Here is an approach:
library(data.table)
df2 = setDT(df2)[,list(Genes=paste0(Genes, collapse=',')),by=list(CNA, chr)]
res = setkey(setDT(df1), CNA, chr)[df2]
# CNA chr Genes Genes.1
#1: gain 5 Sall3,Kcng2,Atp9b,Nfatc1,Ctdp1 Sall3,Nfatc1,SNORA5,SNORA5,RNU6-866P,OR8J1,OR8K3,OR8K3
#2: gain 2 PDIA5,SEMA5B PDIA5,DCC
res[, paste0(intersect(strsplit(Genes,',')[[1]], strsplit(Genes.1,',')[[1]]), collapse=',')
, by=list(CNA, chr)]
# CNA chr V1
#1: gain 5 Sall3,Nfatc1
#2: gain 2 PDIA5
Data:
df1 = structure(list(CNA = c("gain", "gain", "loss"), chr = c(2L, 5L,
5L), Genes = c("PDIA5,SEMA5B", "Sall3,Kcng2,Atp9b,Nfatc1,Ctdp1",
"RNU6-866P,TRIM5,TRIM34,TRIM22,TRIM5")), .Names = c("CNA", "chr",
"Genes"), class = "data.frame", row.names = c(NA, -3L))

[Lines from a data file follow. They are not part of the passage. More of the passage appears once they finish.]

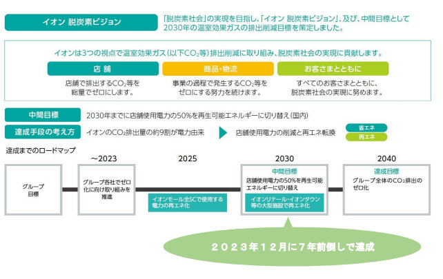 これらの取り組みにより、2023年12月にはイオンの国内事業所における再エネ調達量が、イオンが国内の店舗で使用する電力の約55%に相当する3706百万 kWh に達し、「イオン 脱炭素ビジョン」で掲げた2030年までの中間目標を7年前倒しで達成した。
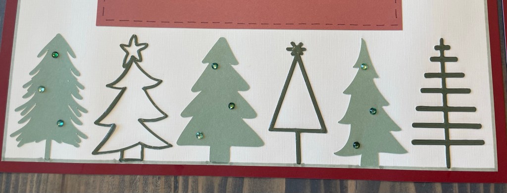 Two greens and two reds. The cream cardstock is textured like linen. The ribbon was inked to match the cardstock color. I used alcohol markers to color the rhinestones.
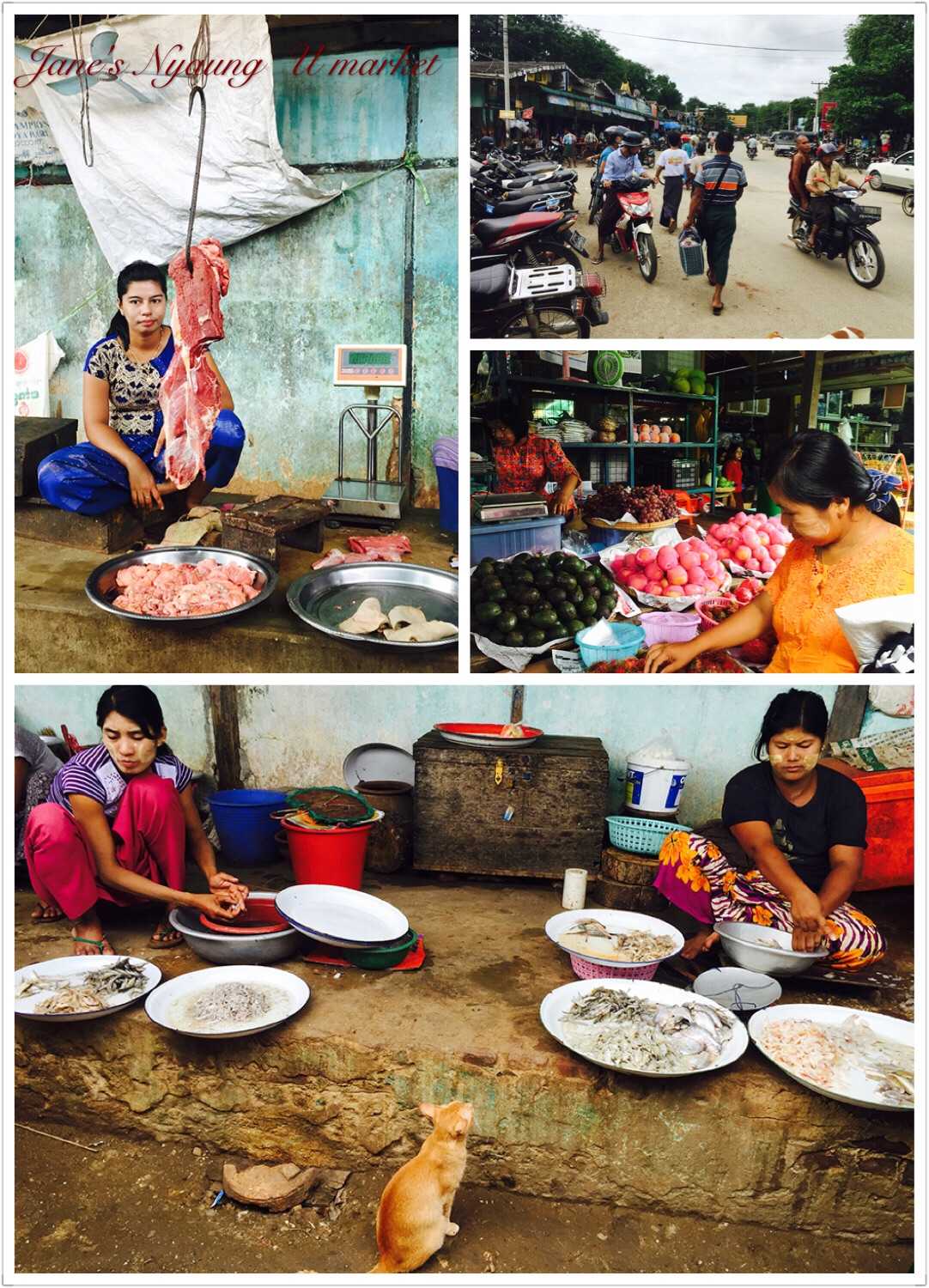 再度出发,俩人租了一辆电动车,伙伴是司机,将车开得风驰电掣,耳旁风声呼啸,竟有在辽阔草原上策马奔腾的错觉。今日要探险之地是良乌市场、瑞禧宫、悉隆敏罗寺。怕问路时当地人听不懂英文,我特意将目的地照片存在手机里,饶是周转数人,最好玩一次问路是在路旁的小吃店里,一个喝着奶茶大伯掏出华为手机用GPS为我们导航。次日恰逢昂山将军遇难纪念日,偶遇一个盛大机会,我们匆匆一瞥离去,终于在一个尘土飞扬之地找到了良乌市场。市场门口有大妈收停车费,一辆电瓶车100K,这个市场大家可以自行脑补农村集市,在异味严萦绕间淡定卖鱼售肉的摊主,是东南亚各集市间的别致一景。
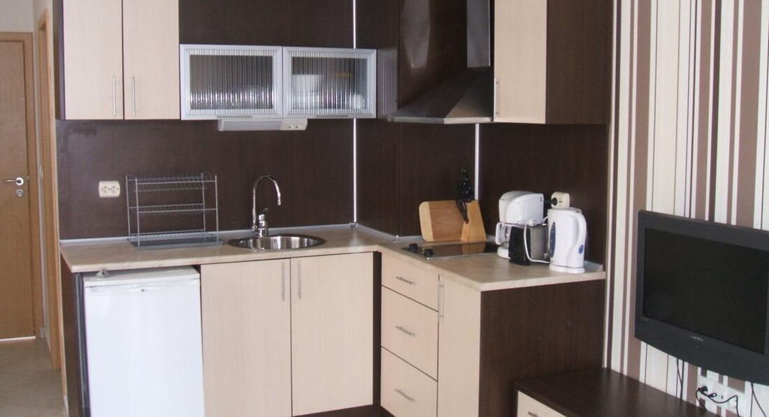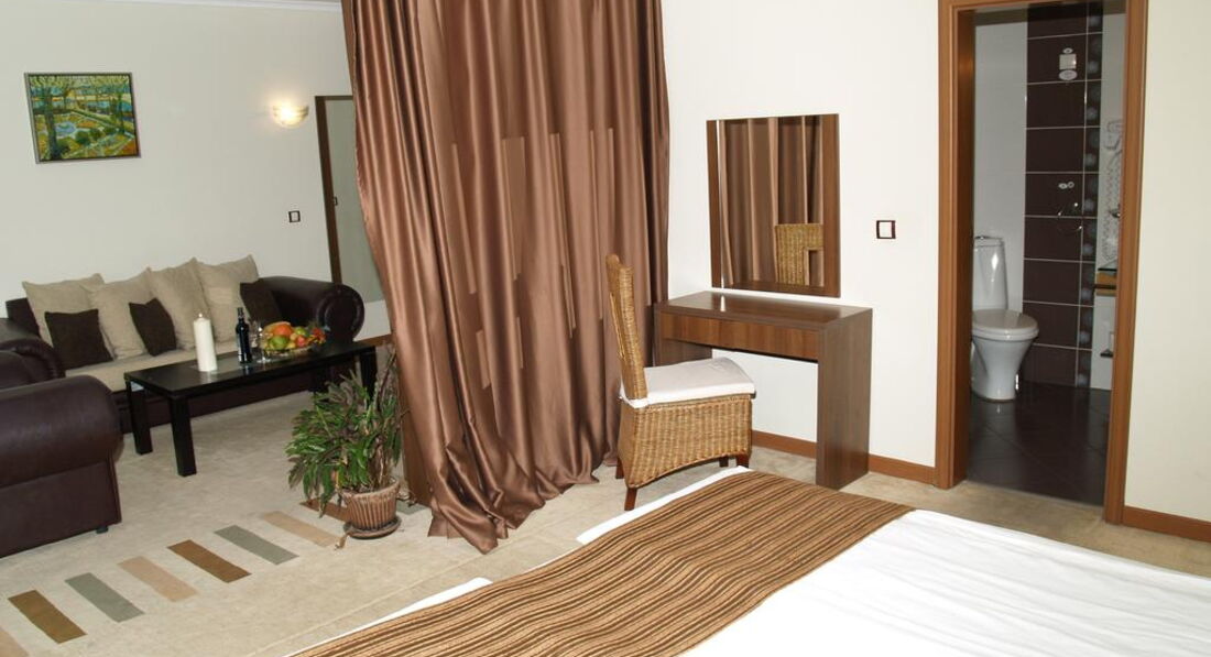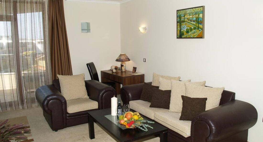 Отдыхали семьёй с 26,08,2010 по 05,09,2010 апартаменты 2403. Номер супер, есть всё - холодильник, телевизор, телефон, эл. плита, свч, тостер, чайник, стиральная машина, утюг, гладильная доска, набор посуды (тарелки для первого, второго и третьего, чашки, бокалы, стаканы, ножи, вилки, кастрюли, сковородки), короче всё что на любой кухне. Номер состоит из 2-ух спален, 2-ух сан узлов, в одном ванна, в другом душевая кабина и огромной гостиной, из всех комнат есть выход на балкон длиною более 10 метров. В номере стоят кондиционеры. Убирали и меняли полотенца в номере каждый день. За всё время пребывания ни разу ни кому не давали чаевых и ни кто ни делал ни каких намёков. Периодически на кроватях делали всякие ракушки и прочие морские прелести из полотенец и одеял. Болгарский язык мы не знали, то есть прочитать и понять смысл очень легко, но когда слышишь речь, то ни понимаешь вообще ни чего и ни каких проблем с общением у нас не возникало ни разу. На ресепшене все всё понимают, гувернантки тоже, хотя по русски они не говорят, но проблем с общением ни разу не возникало. Номера, прилегающая территория и все что находиться на вокруг вычищена до блеска, ни где не увидишь грязь или не убранный мусор. Зонтики и шезлонги на пляже бесплатные. Относительно питания всё продуманно, с 8-00 открывается ресторан, после завтрака он не закрывается, там всегда можно налить кофе, чай, пиво, сок, вино и местные крепкие алкогольные напитки в плоть до закрытия, а это 23-00, так же всегда можно взять выпечку или бутерброды, мороженое, фрукты. С 11-00 открывается пляжный бар, там можно и поесть - пицца, сосиски, жареная рыбёшка + вода, соки, пиво. После обеда там за место сосисок и прочего жарят блины, вот на них мы ни разу попасть не смогли, так как процесс долгий и каждый берёт по 4 штуки в среднем, а если перед вами ещё 3-4 человека, то можно встать на пол часа в очереди. В обще кухня однообразная, мы поначалу ели всё, но с каждым днём всё меньше и меньше, через 5-6 дней завтракать просто уже не могли, но надо было кормить ребёнка и мы всё же ходили в ресторан, пока дочь ела хлопья с молоком мы просто пили кофе с булочками, на колбасу, сосиски, омлет и яичницу смотреть уже больше не могли. Обед шел как то более радостно, ужин ещё радостней. По субботам в ресторане полностью национальная кухня, так же с 19-00 возле бассейна устраивают показ народных танцев, с музыкой и пением, попали мы на это 2 раза - очень понравилось. Ездили в Созополь несколько раз. Гид сказал что ходит некий "мифический" шатл, проезд в котором стоит 2 лева с человека, за всё время ни разу его не видел, зато можете заказать такси на ресепшене, ждать 3-5 минут, стоимость проезда зависит от - выходной ли день, или будни, дадут ли вам чек, или нет, так что мы платили от 6 до 9 лев и каждый раз по разному. Так же в самой гостинице есть персональное такси - оно самое дешевое, толе 5, толе 6 лев, но оно не всегда на месте. Ходить пешком до города не советую - дорога очень извилистая, правила (скоростной режим и запрет на обгон) ни кто особо не соблюдает, тротуара нет, так что риск для жизни.

df2 = structure(list(CNA = c("gain", "gain", "gain"), chr = c(5L, 5L,
2L), Genes = c("Sall3,Nfatc1,SNORA5,SNORA5", "RNU6-866P,OR8J1,OR8K3,OR8K3",
"PDIA5,DCC")), .Names = c("CNA", "chr", "Genes"), class = "data.frame", row.names = c(NA,
-3L))
Not very elegant but
dt1 <- read.table(header = TRUE, text = "CNA chr Genes
gain 5 Sall3,Kcng2,Atp9b,Nfatc1,Ctdp1
loss 5 RNU6-866P,TRIM5,TRIM34,TRIM22,TRIM5
gain 2 PDIA5,SEMA5B", stringsAsFactors = FALSE)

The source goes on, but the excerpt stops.